Sometimes there's nothing he can do to help. A man who walked into Austin's court on a recent Tuesday wore a suit purchased from a second-hand store. The man said he was homeless; Austin told me later that it looked as though he'd just bought the suit that day. The man was fighting a collections case against a credit card company that had already filed a "request for admissions" — basically paperwork detailing the complaints against him.

"It's a simple, hand-written reform that requires minimal answers," Austin said. "You're just supposed to say, 'I deny.'"

If you don't respond — and in this case, the man didn't — the credit card company wins by default.

"He showed up, and he'd just bought this suit to come to court in, and he was very concerned about the charges against him," Austin said, his voice softening. "And I had to say, 'That's it, the case is over — you already lost.'" And he was just looking at me like, 'I can't believe you won't let me tell my story.'"

It would happen once more that day: same papers, same misunderstanding, different defendant.

The odds facing Felipa Martinez weren't better than those in any other case — which is to say, they weren't good. But if there's one thing the 58-year-old woman doesn't suffer from, it's a lack of grit. Born in Mexico, she immigrated to the United States as an adult, eventually resettling in Union City to raise her daughter. Martinez said she would often work three minimum-wage jobs in the course of a week — cooking in fast food restaurants, serving lunch at a bingo hall, cleaning houses, washing dishes, or doing whatever else came her way — earning just enough money to make ends meet. She has the scars to commemorate a life of hard labor: burns on her calf from scalding water, knuckle burns and knotty knife-marks on her wrists from working as a line cook. When she was diagnosed with cancer, Martinez kept the news to herself for as long as possible. She describes herself, in a former life, as strong and fast, with 20/20 vision.

"Now I feel — how do you say it — impotencia," she said in an interview, standing outside Austin's courtroom with her daughter.

But that didn't stop her from waging a fight.

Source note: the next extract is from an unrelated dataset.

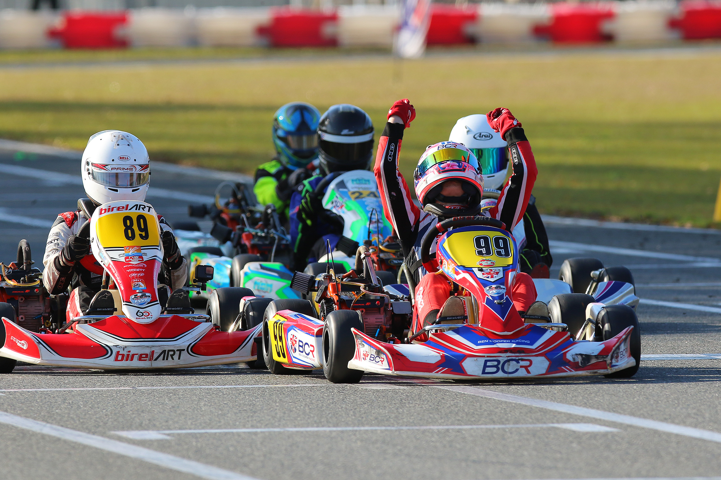 Canada’s third trip to the podium in the morning run of Finals came in the hands of Ilie Tristan-Crisan (BCR-PSL/BirelART), who drove superbly to finish second in the Micro Rok Final, overtaking for the position on the final lap. Jensen Burnett (AKT/Energy Kart) finished fifth in the race as well, while Zachary Hitchcock (JC Karting/Kosmic) had his great start ended early with a spin in corner four that ended his race, finishing one spot behind Rocco Simone (Goodwood/Intrepid).

Austin had two Cache collection cases on his calendar that day, and a representative from Cache was waiting outside by a window — he'd been subpoenaed to appear by Claire Johnson, a staff attorney from Bay Area Legal Aid representing another debtor. Before hearing Martinez' case, Austin sent her outside to attempt a settlement agreement with the collector and his attorney, Jo-Anna Nieves. Martinez' daughter offered $500 up front to settle all scores and have the debt forgiven, and Nieves was going to take it, but Martinez intervened.

"I said, 'No, I have three root canals and she's been saving money to pay for this,'" she snapped, turning to address her daughter. "If I go to jail," she said, "don't pay nothing."

Plaintiff and defendant sauntered back into the courtroom after ten minutes of abortive negotiating. "Your Honor, we weren't able to work something out," Nieves said crisply. The trial would proceed. Nieves began her cross-examination.